Enhancing the Functionality of Immunoisolated Human SC‐βeta Cell Clusters through Prior Resizing

Abstract The transplantation of immunoisolated stem cell derived beta cell clusters (SC‐β) has the potential to restore physiological glycemic control in patients with type I diabetes. This strategy is attractive as it uses a renewable β‐cell source without the need for systemic immune suppression. SC‐β cells have been shown to reverse diabetes in immune compromised mice when transplanted as ≈300 µm diameter clusters into sites where they can become revascularized. However, immunoisolated SC‐β clusters are not directly revascularized and rely on slower diffusion of nutrients through a membrane. It is hypothesized that smaller SC‐β cell clusters (≈150 µm diameter), more similar to islets, will perform better within immunoisolation devices due to enhanced mass transport. To test this, SC‐β cells are resized into small clusters, encapsulated in alginate spheres, and coated with a biocompatible A10 polycation coating that resists fibrosis.
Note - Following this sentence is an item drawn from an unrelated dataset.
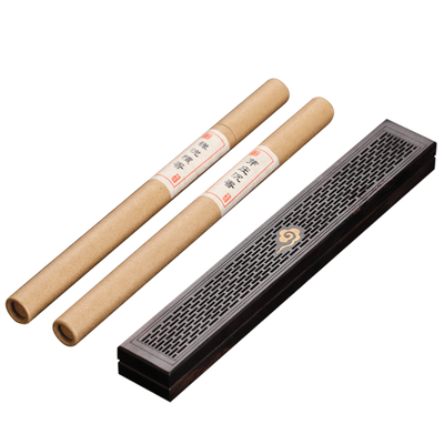精选优质紫光檀为原料,其切面打磨后形成的包浆亮丽非常,似铜镜可鉴,材色黝黑,含蓄而不张扬,镂空雕刻工艺,古香古色。

After transplantation into diabetic immune competent C57BL/6 mice, the “resized” SC‐β cells plus the A10 biocompatible polycation coating induced long‐term euglycemia in the mice (6 months). After retrieval, the resized A10 SC‐β cells exhibited the least amount of fibrosis and enhanced markers of β‐cell maturation. The utilization of small SC‐β cell clusters within immunoprotection devices may improve clinical translation in the future.